Would you transcribe only the lines below, from the one containing "Δημοσιογράφος RT Semión" through the end of the material, exactly and with no pictures?

PROVIDED DATA
'''
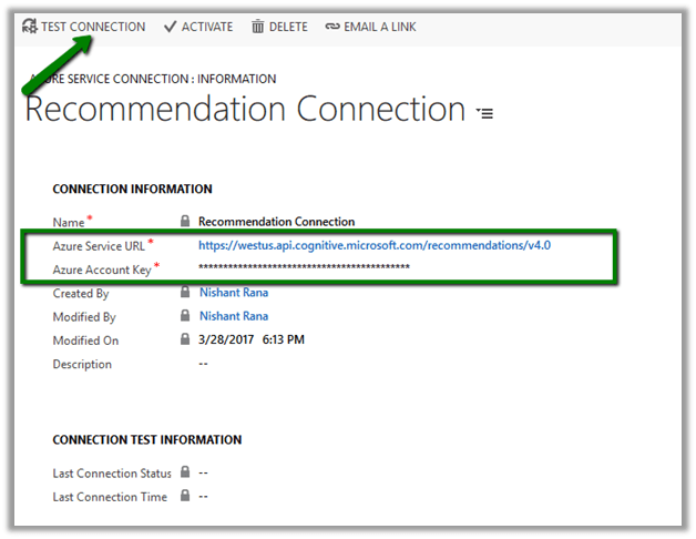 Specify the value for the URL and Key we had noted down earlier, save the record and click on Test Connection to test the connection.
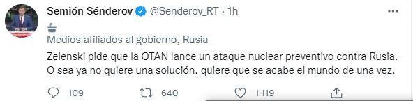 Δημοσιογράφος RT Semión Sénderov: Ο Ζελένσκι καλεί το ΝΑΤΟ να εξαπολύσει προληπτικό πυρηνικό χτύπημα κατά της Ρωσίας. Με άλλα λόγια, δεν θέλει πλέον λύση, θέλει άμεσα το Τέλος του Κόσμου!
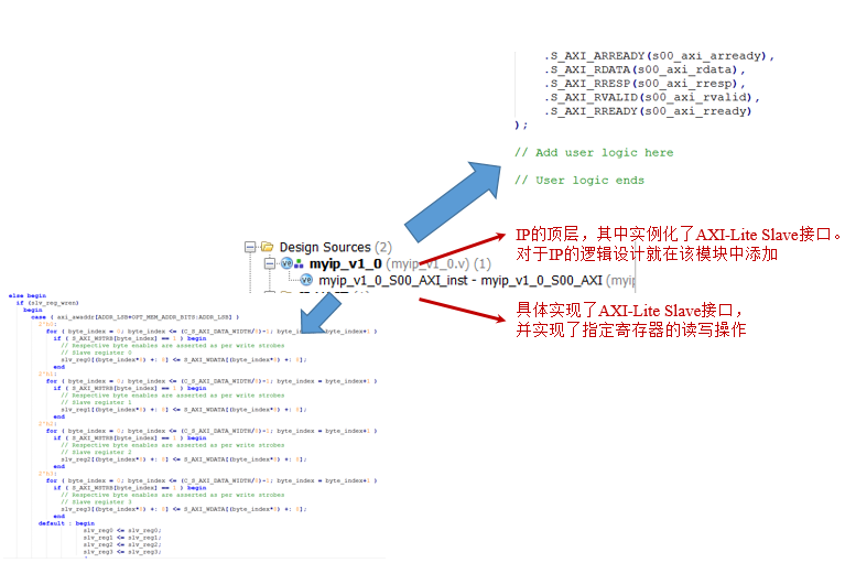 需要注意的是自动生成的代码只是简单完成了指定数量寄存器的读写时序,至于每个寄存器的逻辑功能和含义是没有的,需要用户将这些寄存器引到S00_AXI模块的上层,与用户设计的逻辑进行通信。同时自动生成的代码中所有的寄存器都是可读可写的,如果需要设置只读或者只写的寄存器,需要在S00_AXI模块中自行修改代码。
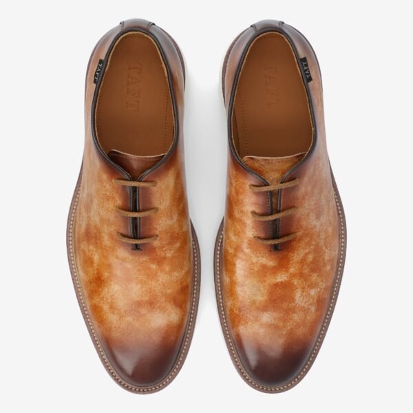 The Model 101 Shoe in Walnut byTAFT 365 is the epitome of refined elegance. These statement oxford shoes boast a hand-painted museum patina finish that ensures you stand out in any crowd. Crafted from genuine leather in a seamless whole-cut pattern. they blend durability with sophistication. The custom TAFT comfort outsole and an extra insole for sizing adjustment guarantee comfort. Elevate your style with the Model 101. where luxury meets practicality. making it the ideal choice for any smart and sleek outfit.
'''
TASK OUTPUT
 Δημοσιογράφος RT Semión Sénderov: Ο Ζελένσκι καλεί το ΝΑΤΟ να εξαπολύσει προληπτικό πυρηνικό χτύπημα κατά της Ρωσίας. Με άλλα λόγια, δεν θέλει πλέον λύση, θέλει άμεσα το Τέλος του Κόσμου!
 需要注意的是自动生成的代码只是简单完成了指定数量寄存器的读写时序,至于每个寄存器的逻辑功能和含义是没有的,需要用户将这些寄存器引到S00_AXI模块的上层,与用户设计的逻辑进行通信。同时自动生成的代码中所有的寄存器都是可读可写的,如果需要设置只读或者只写的寄存器,需要在S00_AXI模块中自行修改代码。
 The Model 101 Shoe in Walnut byTAFT 365 is the epitome of refined elegance. These statement oxford shoes boast a hand-painted museum patina finish that ensures you stand out in any crowd. Crafted from genuine leather in a seamless whole-cut pattern. they blend durability with sophistication. The custom TAFT comfort outsole and an extra insole for sizing adjustment guarantee comfort. Elevate your style with the Model 101. where luxury meets practicality. making it the ideal choice for any smart and sleek outfit.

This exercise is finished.